In a perfect example of why globalists are having a hard time defending their position these days, the United Nations has decided that it’s a violation of the human rights of a child to attend a Christian school.
The paper – a “periodic review” of the state of children’s rights in Great Britain – declares that bringing children to religious schools (particularly Christian ones, apparently) violates their “human rights.” The children should have the right to independently decide not to attend the religious school, despite the parents’ wishes, it claims. Not doing so is also a violation of their “human rights,” namely their “freedom of thought, conscience and religion,” The Telegraph reports.
The report was produced by an 18-person group of “independent experts” of “high moral character” including representatives from bedrocks of human rights – Bahrain, Russia and Egypt.
Critics dubbed the demand “ludicrous” and said the government should responded by “respectfully” putting the report “in the bin.”
It was just one of 150 recommendations about where Britain could be contravening the UN Charter on the Rights of the Child.
The report also calls for the government to outlaw corporal punishment in any form.
A section of the report read: “The Committee is concerned that pupils are required by law to take part in a daily religious worship which is ‘wholly or mainly of a broadly Christian character’ in publicly funded schools in England and Wales, and that children do not have the right to withdraw from such worship without parental permission before entering the sixth form.”
It added: “The Committee recommends that the State party repeal legal provisions for compulsory attendance at collective worship in publicly funded schools and ensure that children can independently exercise the right to withdraw from religious worship at school.”
Britons called the report “ludicrous” and “mad.”
“The collective act of worship is not an indoctrination exercise. It is recognizing and respecting the Christian heritage of the country and giving people an opportunity to reflect before the beginning of the day,” Parliament Minister David Burrowes told The Telegraph.
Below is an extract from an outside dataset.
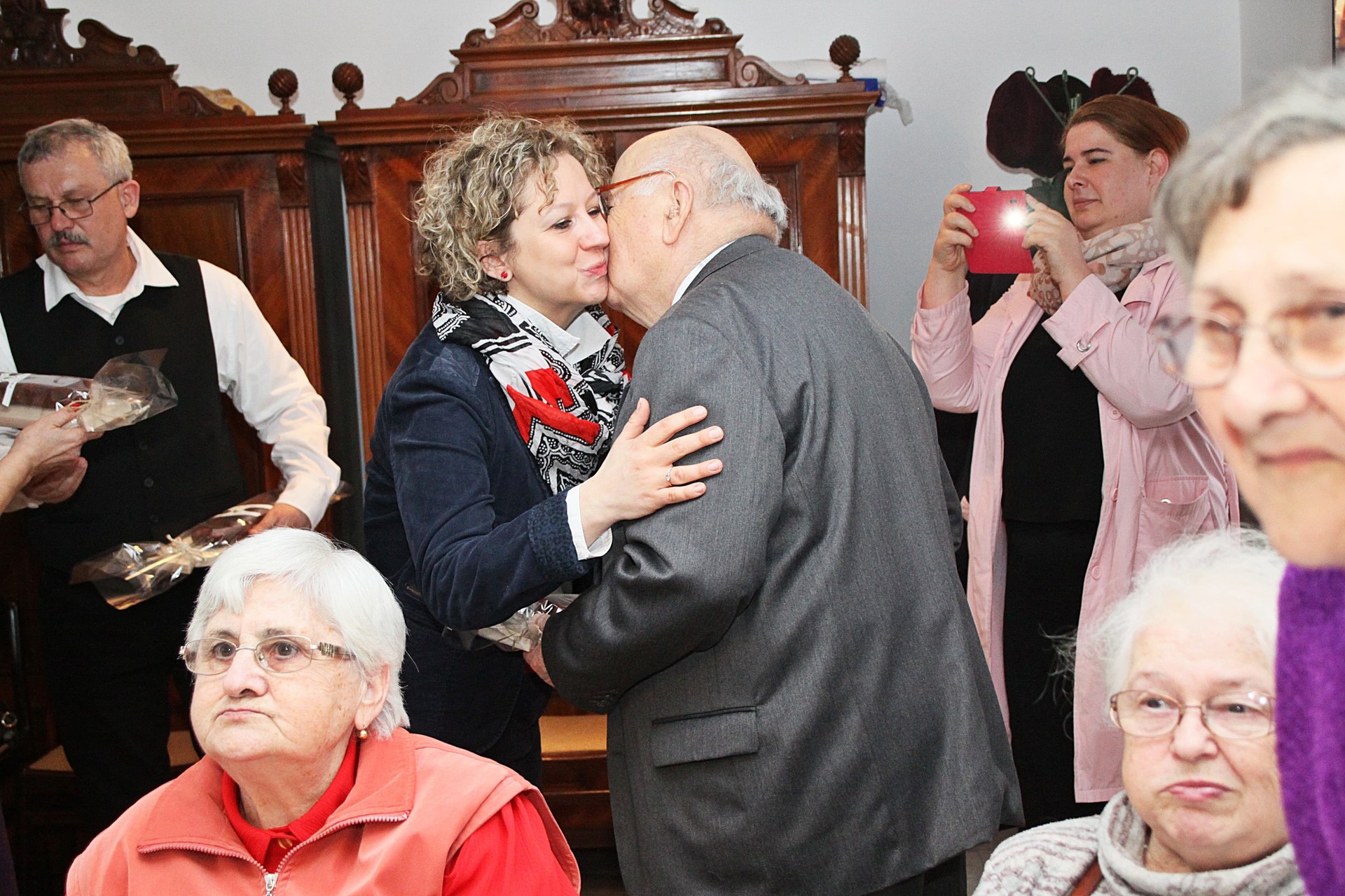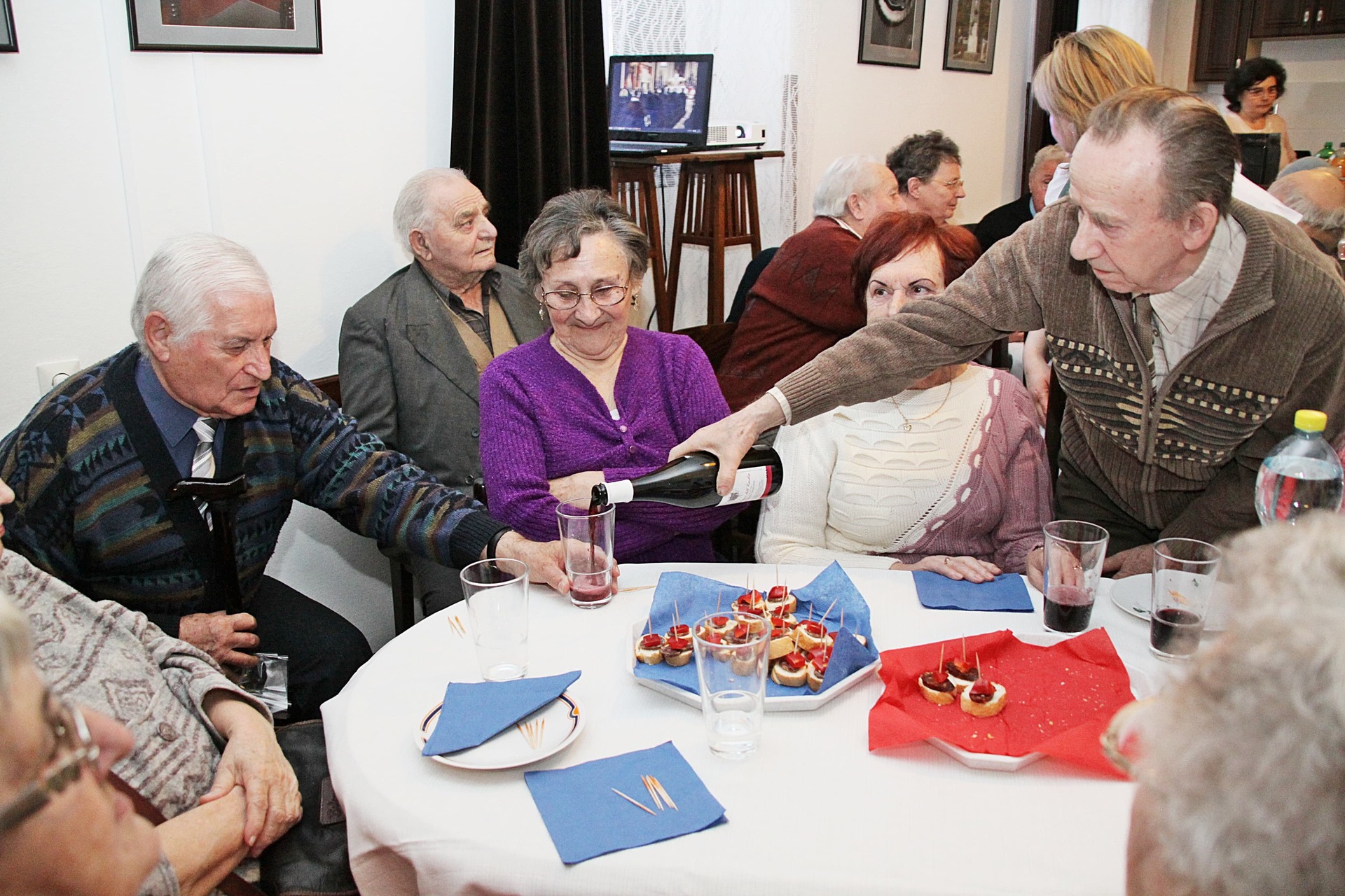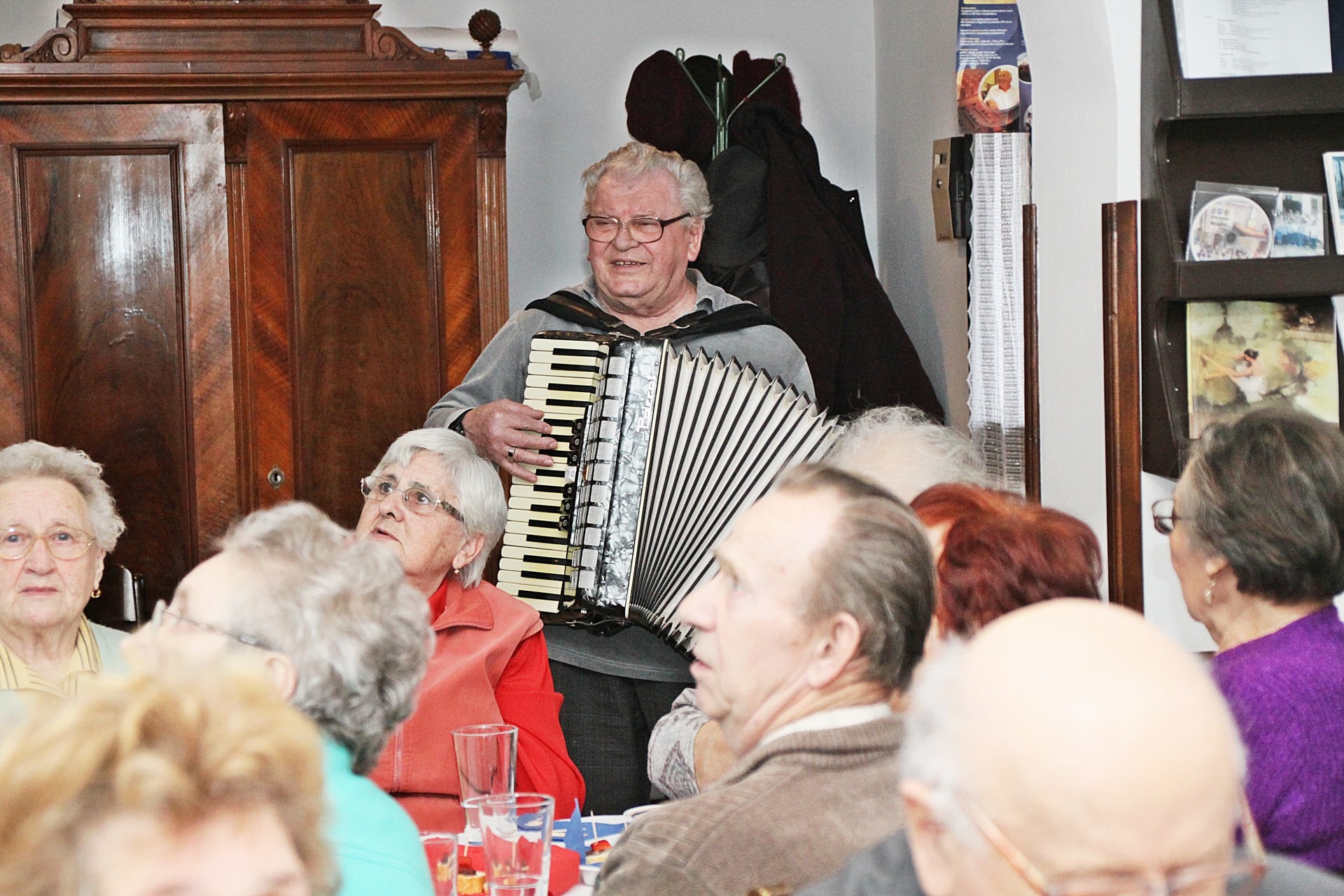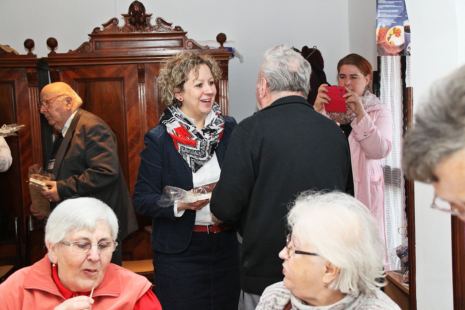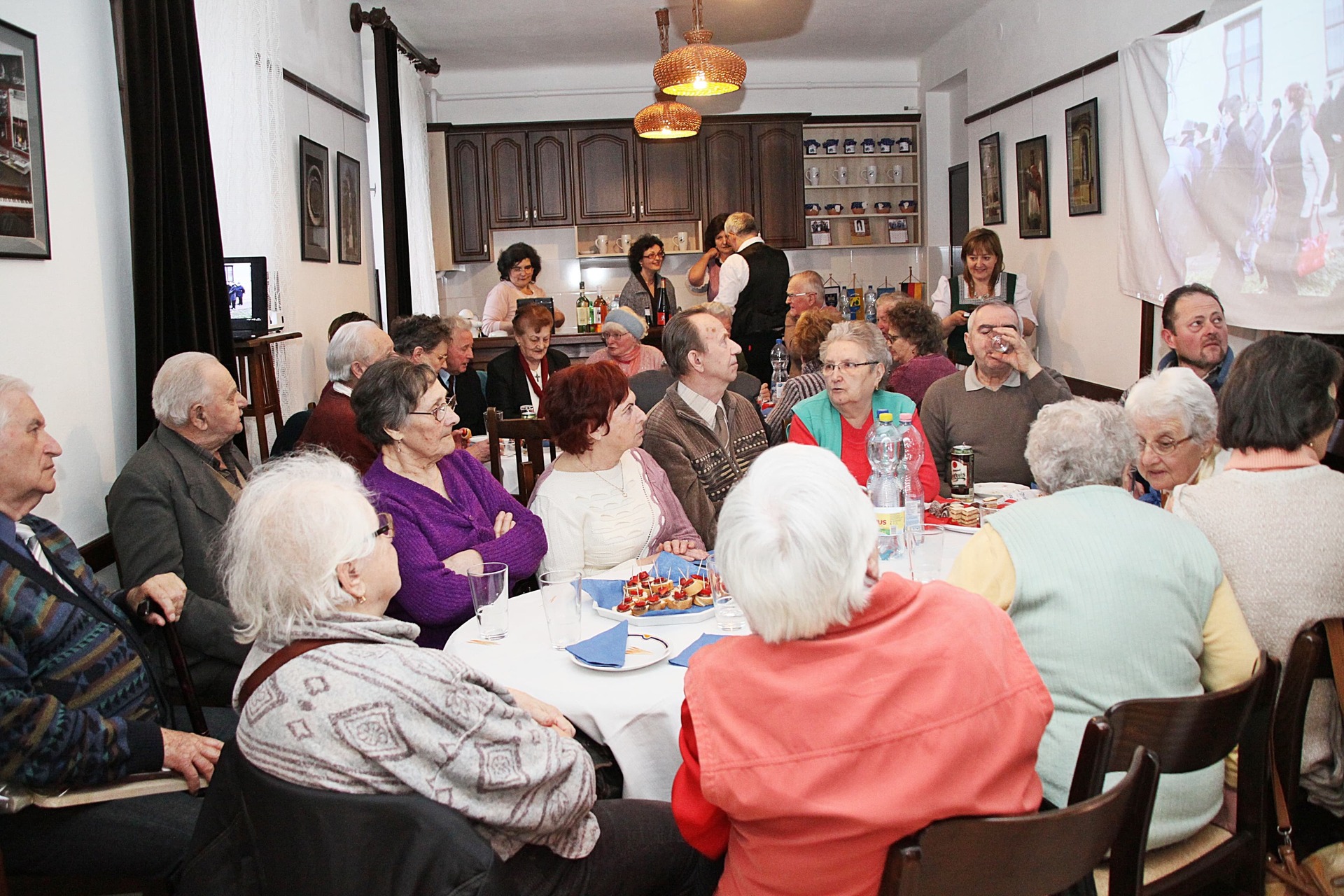 Az ünnepeltekkel csoportképet is készítettek, a délután hátralévő része pedig mulatozással telt. Szépen fogytak az asztalokra készített kolbászos falatok, mialatt Cseke Pista bácsi – mint ahogyan már 15 éve valamennyi rendezvényen – harmonikaszóval biztosította a jó hangulatot, a közösség tagjai pedig eközben Szabó László falakon szereplő fotóit is megcsodálhatták.
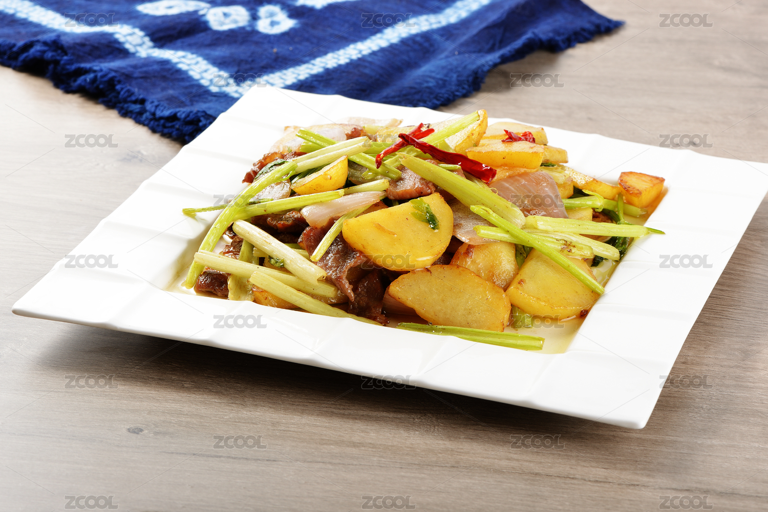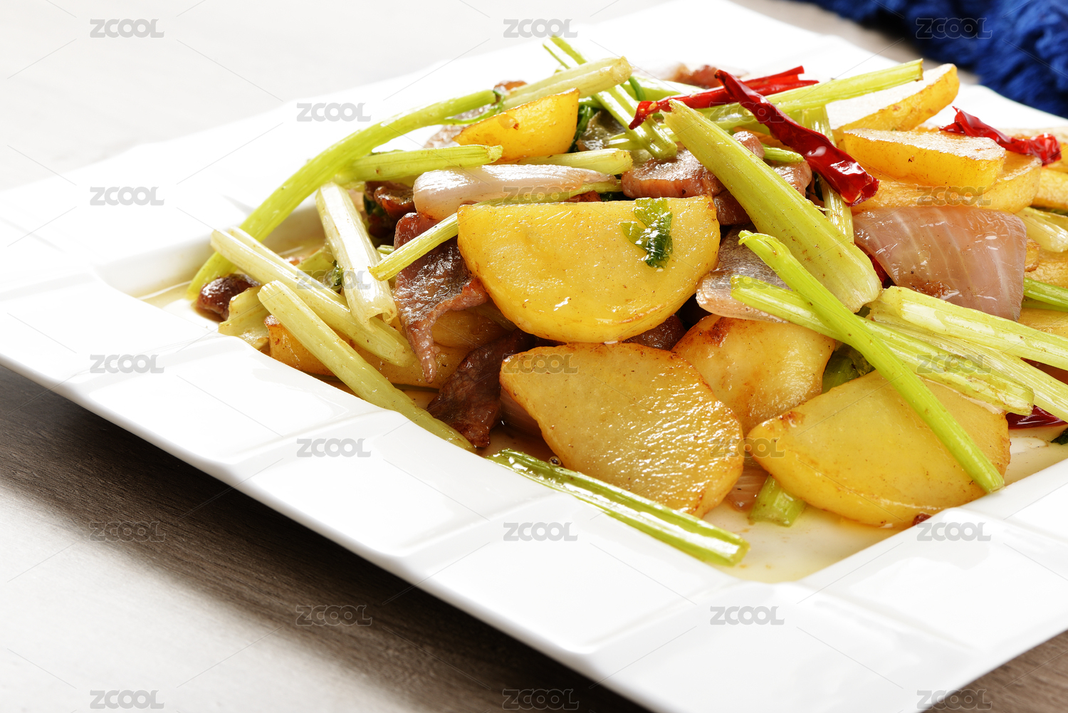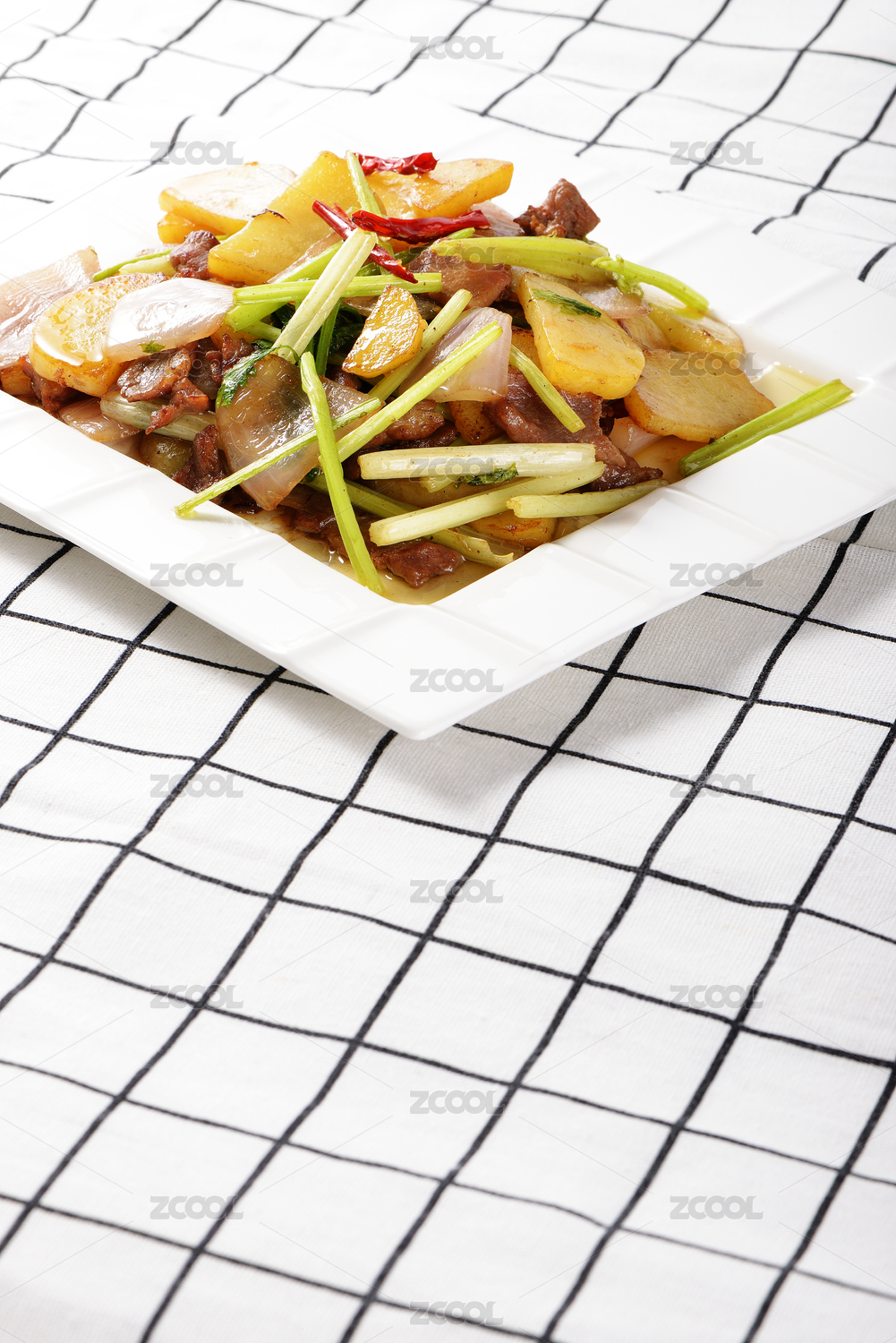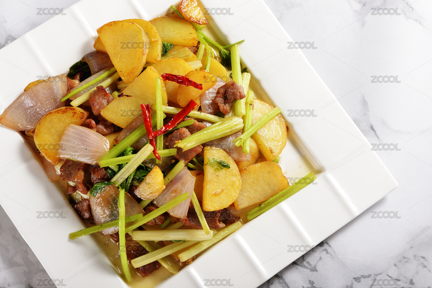 一碟煮熟的過油肉土豆片

The UN should spend more time doing its main job of preventing war and genocide rather than poking its nose in other countries’ classrooms. We can respectfully put those kind of reports in the bin where they belong.”
But not all Britons were laughing at the idiotic recommendations. The British Humanist Association, the UK’s atheist group, thought the recommendations were keen.
Director Pavan Dhaliwal said: “The UK state fails its young people in far too many ways today. Almost uniquely among economically developed countries, it segregates them in schools along religious lines. We are pleased to see the UN agree with us that UK law needs to change.”